Two studies assessed academic achievement; however, these data could not be pooled [9, 22]. Fraser et al studied a cohort from the UK and examined for differences in School Entry Assessment (age 4) and General Certificate of Secondary Education (GCSE) results (age 16) (Table 3) [9]. There was no significant difference in School Entry Assessment in offspring of mothers with pre-existing diabetes (n = 21) compared with offspring of mothers without diabetes or glycosuria (n = 5804). However, offspring exposed to diabetes had greater odds of having low achievement on their GCSEs (adjusted OR 5.06 [95% CI 1.42, 18.10]). Conversely, Knorr et al did not find a significant difference in academic achievement in primary school performance in Denmark between offspring of mothers with type 1 diabetes and matched control participants [22].
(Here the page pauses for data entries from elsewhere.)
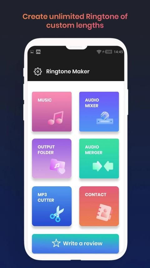 Cutter Pemotong MP3: Pilih bagian terbaik dari Lagu, kemudian rapikan dan potong bagian yang diinginkan dari lagu tersebut untuk digunakan dalam Nada Dering, Nada pemberitahuan, Nada alarm. Inbuilt player untuk pemilihan lokasi awal pemotong nada dering, lokasi ujung potong dan dukungan gelombang. Pemotong Mp3 mendukung pemotongan MP3, AAC, WAV, M4A, AMR dll.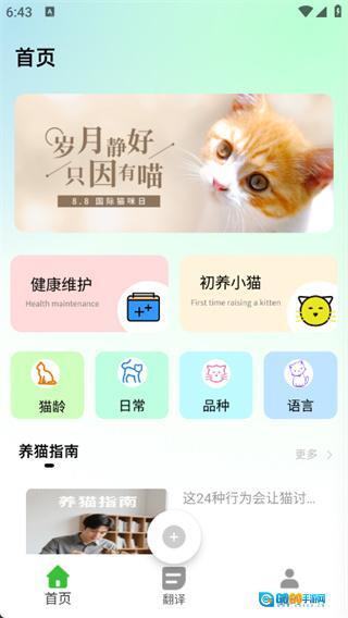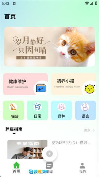 首页设有健康维护、初养小猫、猫龄等板块,同时提供养猫指南。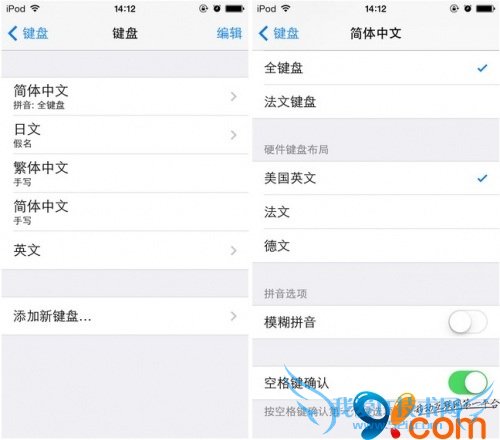 2.再选择键盘→找到简体中文→拉到最下面开启“空格键确认”

Exposure to maternal pre-existing diabetes and child development

Four studies looked at developmental measures in childhood [20, 24, 29, 30], three of which could be pooled in a meta-analysis [20, 29, 30] (Table 3). Kowalczyk et al used the Brunet–Lezine Psychomotor Development Scale, which could not be pooled with the Bayley Scales of Infant Development (1st and 2nd Editions) used in the other three studies [24]. Kowalczyk et al found that children of mothers with type 1 diabetes had lower scores, with a developmental quotient of 90.1 in offspring of mothers with type 1 diabetes vs 99.2 in the control group; p = 0.002.
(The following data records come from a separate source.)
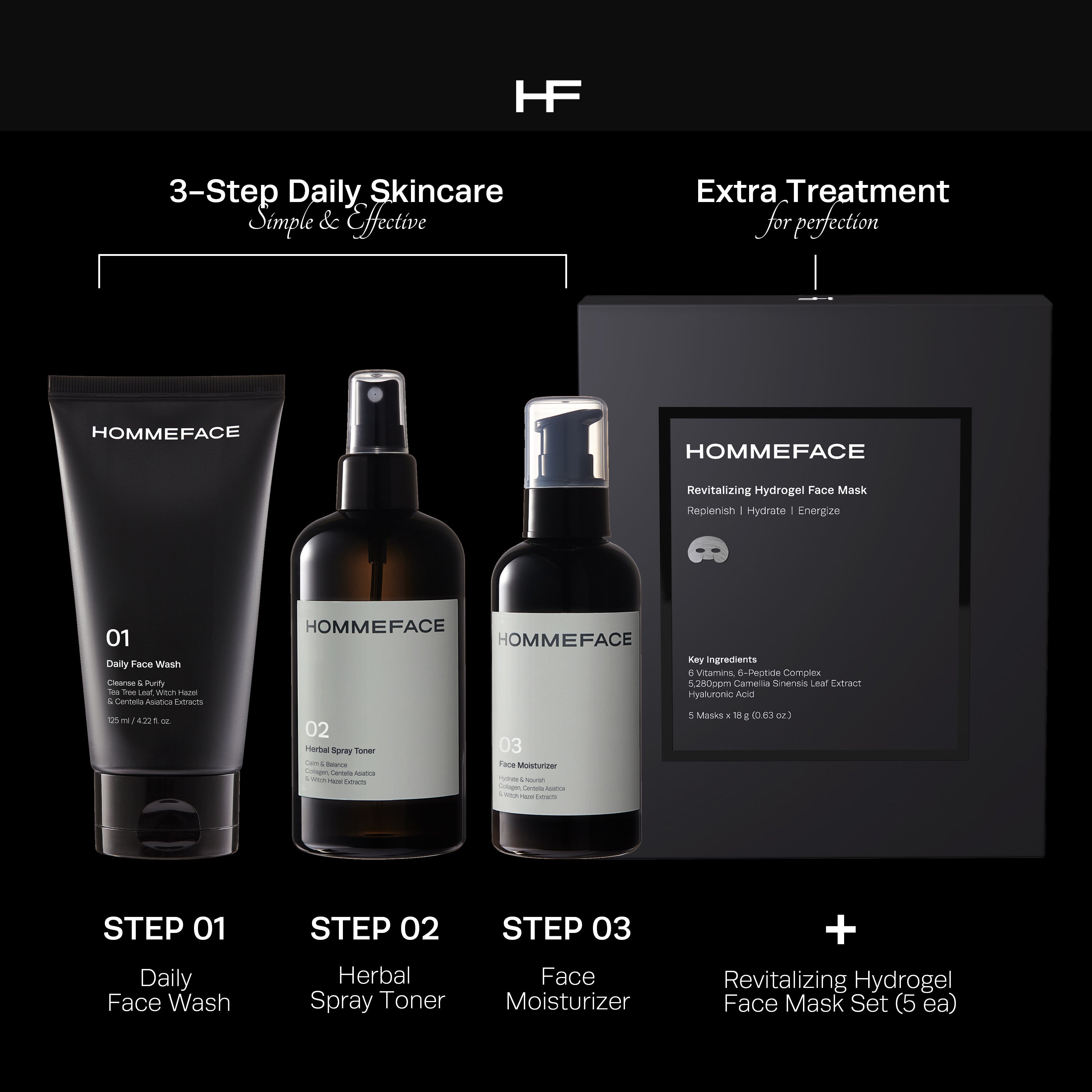 Achieve next-level radiance by adding facial sheet masks to your daily regimen. Each product is numbered to indicate the application step for a hassle-free experience. The premium hydrogel masks are beard-friendly and sized up for maximum coverage. For all skin types.
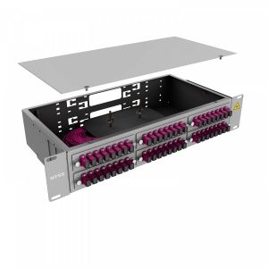 Кросс оптический распределительный стоечный NTSS серии Premium предназначен для оконцовки оптического кабеля и коммутации с внешними устройствами через оптические адаптеры. Кросс оптический 19" предназначен для установки в шкафы или стойки и имеет специальные кронштейны для крепления кросса в 19-ти дюймовые направляющие. Кронштейны могут быть установлены на двух разных уровнях, для возможности установки кросса как заподлицо с направляющими шкафа так и немного утопленным. Лицевая сторона оптического кросса NTSS-RFOB-PM изготавливается в двух видах конструктива - с отверстиями под адаптерные планки и со сплошной панелью. Тыльная стороны кросса имеет отверстия для ввода и крепления кабеля, для крепления центрального силового элемента. Для монтажа сплайс кассет в кроссе есть несъемные шпильки с гайками барашками. Кроссы выпускаются размерами от 1 до 4U и могут быть серого или черного цвета. Под заказ можно изготовить кроссы любого цвета.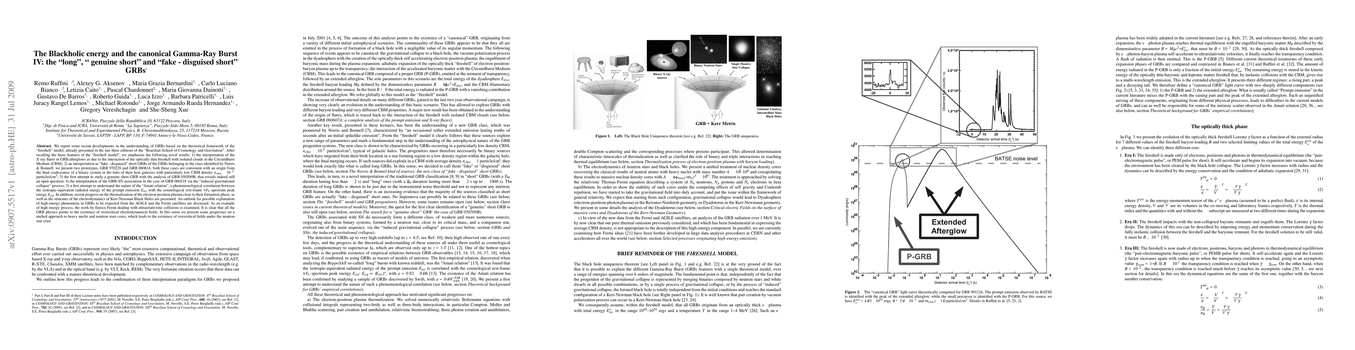 (Shortened) [...] After recalling the basic features of the "fireshell model", we emphasize the following novel results: 1) the interpretation of the X-ray flares in GRB afterglows as due to the interaction of the optically thin fireshell with isolated clouds in the CircumBurst Medium (CBM); 2) an interpretation as "fake - disguised" short GRBs of the GRBs belonging to the class identified by Norris & Bonnell [...] consistent with an origin from the final coalescence of a binary system in the halo of their host galaxies with particularly low CBM density [...]; 3) the first attempt to study a genuine short GRB with the analysis of GRB 050509B, that reveals indeed still an open question; 4) the interpretation of the GRB-SN association in the case of GRB 060218 via the "induced gravitational collapse" process; 5) a first attempt to understand the nature of the "Amati relation", a phenomenological correlation between the isotropic-equivalent radiated energy of the prompt emission E_{iso} with the cosmological rest-frame \nu F_{\nu} spectrum peak energy E_{p,i}. In addition, recent progress on the thermalization of the electron-positron plasma close to their formation phase, as well as the structure of the electrodynamics of Kerr-Newman Black Holes are presented. An outlook for possible explanation of high-energy phenomena in GRBs to be expected from the AGILE and the Fermi satellites are discussed. As an example of high energy process, the work by Enrico Fermi dealing with ultrarelativistic collisions is examined. It is clear that all the GRB physics points to the existence of overcritical electrodynamical fields. In this sense we present some progresses on a unified approach to heavy nuclei and neutron stars cores, which leads to the existence of overcritical fields under the neutron star crust.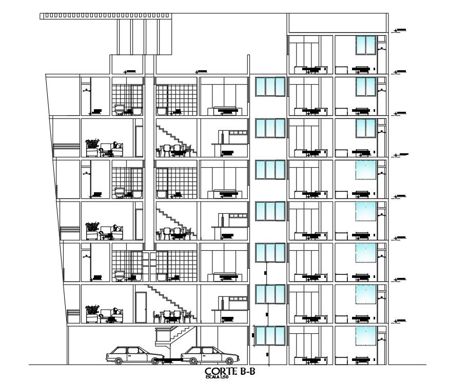 Commercial building section detail defined in this drawing file. in this file-office section, waiting for area furniture design and it seems G +7 story floor level building structure design, washroom section detail, column detail, window with level specifications. this can be used by architects and engineers. Download the AutoCAD file now.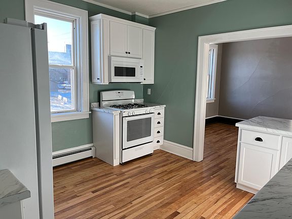 Final touches have been made to this historic renovation of a 1922 brick building upper level apartment. Heat, city water/sewer, parking and garbage included. First and last month rent due at signing. Credit report required. Renovation included upgraded wiring & plumbing; refinished maple flooring; open concept from kitchen to dining; new appliances; new cabinetry. Tall ceilings and large windows and open concept create a light-filled roomy apartment. City water/sewer; heat, garbage and off-street parking included. Renter is responsible for electricity and internet. This is one of four apartments with large spacious hallways. Main floor will be renovated next year into leased retail space. Pet deposit of $250.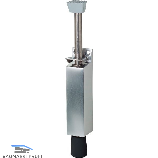 Die Tür kann in jedem Öffnungswinkel festgestellt werden. Dazu wird der Tretbolzen so weit heruntergedrückt bis der Stopfen sich auf dem Boden festgepresst hat. Zur Freigabe der Tür genügt ein leichter Druck auf die Sperrplatte. Eine serienmäßig montierte Konterfeder erhöht den Anpressdruck auf dem Boden. Der Abstand von Unterkante der Tür bis Bolzen soll 5 - 10 mm betragen.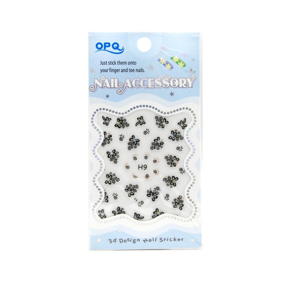 Abtibild pentru unghii 3D Nail Accessory OPQ H9 poate fi folosit atat de profesionisti, cat si de amatori. Abtibildurile 3D sunt realizate din materiale de inalta calitate. Acestea au o aderenta optima ce le ofera stabilitate pe unghii. Design-ul deosebit le face sa fie potrivite atat pentru manichiuri, cat si pedichiuri. Acestea se vor lipi foarte usor pe unghia data cu oja clasica, semipermanenta sau chiar pe constructiile din gel UV sau acryl.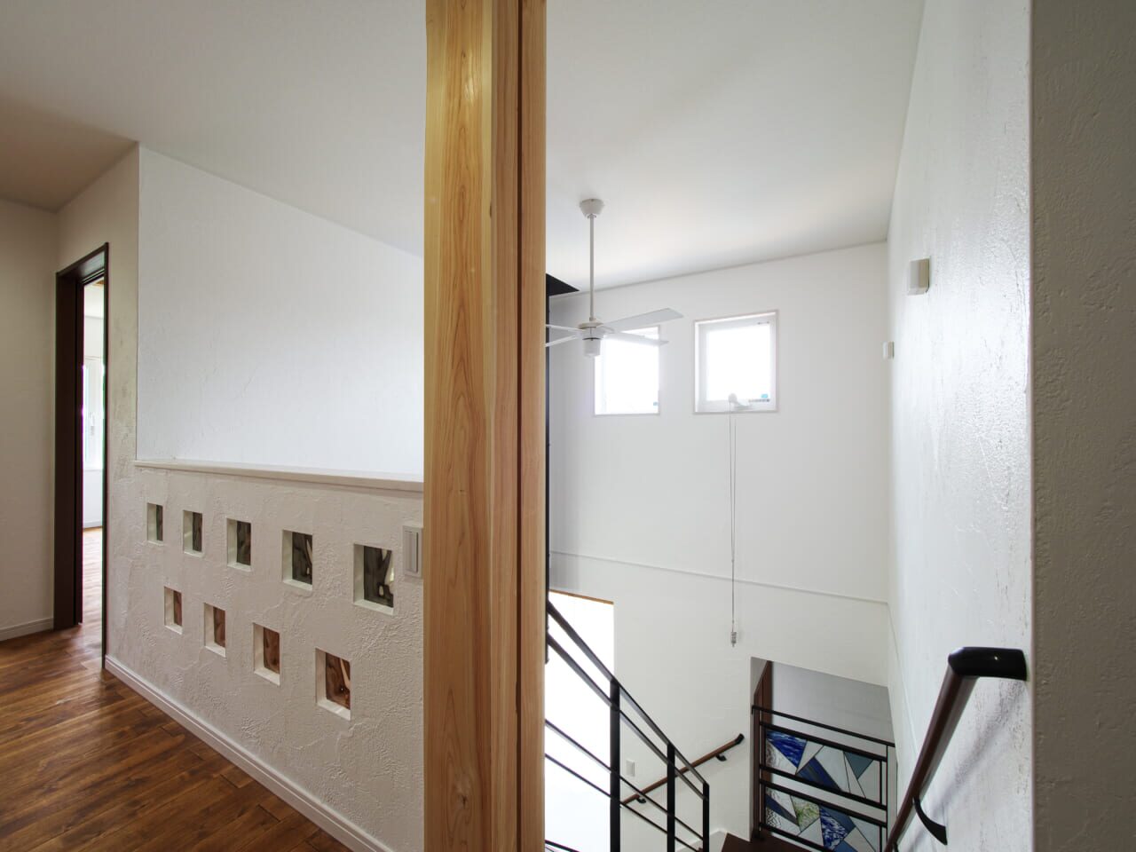 近年ではあまり見ることのなくなった「家の中心の柱」に当たる大黒柱。こちらのお住まいではその古き良き伝統的な柱もまた、家のシンボルとして採用されました。毎日通り過ぎるだけの空間を、せっかく毎日通る空間ならと、ガラスブロックなどで遊び心が効いている点も見どころの一つです。

The meta-analysis of studies using the Bayley Scales of Infant Development, 1st and 2nd Editions, is found in ESM Figs 1, 2. When multiple assessment times were available, we chose the oldest age group as it is a better predictor of later IQ [31]. There was no significant difference in Mental Developmental Index (pooled mean difference −2.79 [95% CI −7.82, 2.24] using the ‘early entry’ Sells et al cohort, and −4.50 [95% CI −9.06, 0.06] using the ‘late entry’ cohort) (ESM Fig. 1a, b) [30]. There was also no significant difference in Psychomotor Developmental Index (pooled mean difference −5.95 [95% CI −14.16, 2.26] using the ‘early entry’ Sells et al cohort and −4.62 [95% CI −16.73, 7.50] using the ‘late entry’ cohort) (ESM Fig. 2a, b) [30].
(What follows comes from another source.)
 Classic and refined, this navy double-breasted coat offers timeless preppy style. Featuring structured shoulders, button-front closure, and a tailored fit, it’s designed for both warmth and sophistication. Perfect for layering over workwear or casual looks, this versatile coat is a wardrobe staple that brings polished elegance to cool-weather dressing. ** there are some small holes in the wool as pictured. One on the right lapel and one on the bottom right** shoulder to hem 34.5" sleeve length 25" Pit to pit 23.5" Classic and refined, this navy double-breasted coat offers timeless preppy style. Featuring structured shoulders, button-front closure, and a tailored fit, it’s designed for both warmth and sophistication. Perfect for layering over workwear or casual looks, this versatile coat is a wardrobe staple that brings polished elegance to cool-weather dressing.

Exposure to maternal pre-existing diabetes and ASD

Five studies examining the association between maternal pre-existing diabetes and ASD were found. All were large database studies [10, 16, 19, 23, 25] (Table 3). Exposure to maternal pre-existing diabetes was associated with an increased risk of ASD. When women with type 1 diabetes from the Xiang et al cohort were included, the effect estimate was 1.98 (95% CI 1.46, 2.68; I2 = 0%) (Fig. 3) [10]. When the analysis was re-run, substituting women with type 2 diabetes from the same Xiang et al cohort for Xiang’s cohort of women with type 1 diabetes, this effect estimate was 1.46 (95% CI 1.26, 1.69; I2 = 0%) (Fig. 3). Because Kong et al performed a stratified analysis by BMI, it could not be included in the overall analysis [23].

Fig. 3
figure3

Forest plot of ASD in offspring exposed to maternal pre-existing diabetes compared with control participants. This analysis includes all types of pre-existing diabetes, and includes a pooling of RR and HR. Weights are from random-effects analysis. ES, effect size

Exposure to maternal pre-existing diabetes and ADHD

Four studies assessed the relationship between exposure to maternal pre-existing diabetes and ADHD [18, 21, 23, 25] (Table 3), three of which were included in a meta-analysis [21, 23, 25]. The Bytoft et al study was not included as it assessed for ADHD by history of medication use and used the Conners’ Continuous Performance test version 2 but did not report an RR, OR or HR [18]. They found that, while there was higher self-reported ADHD medication use (2.2 vs 0%; p = 0.01), there was no significant difference in regression analyses with the Conners’ Continuous Performance test.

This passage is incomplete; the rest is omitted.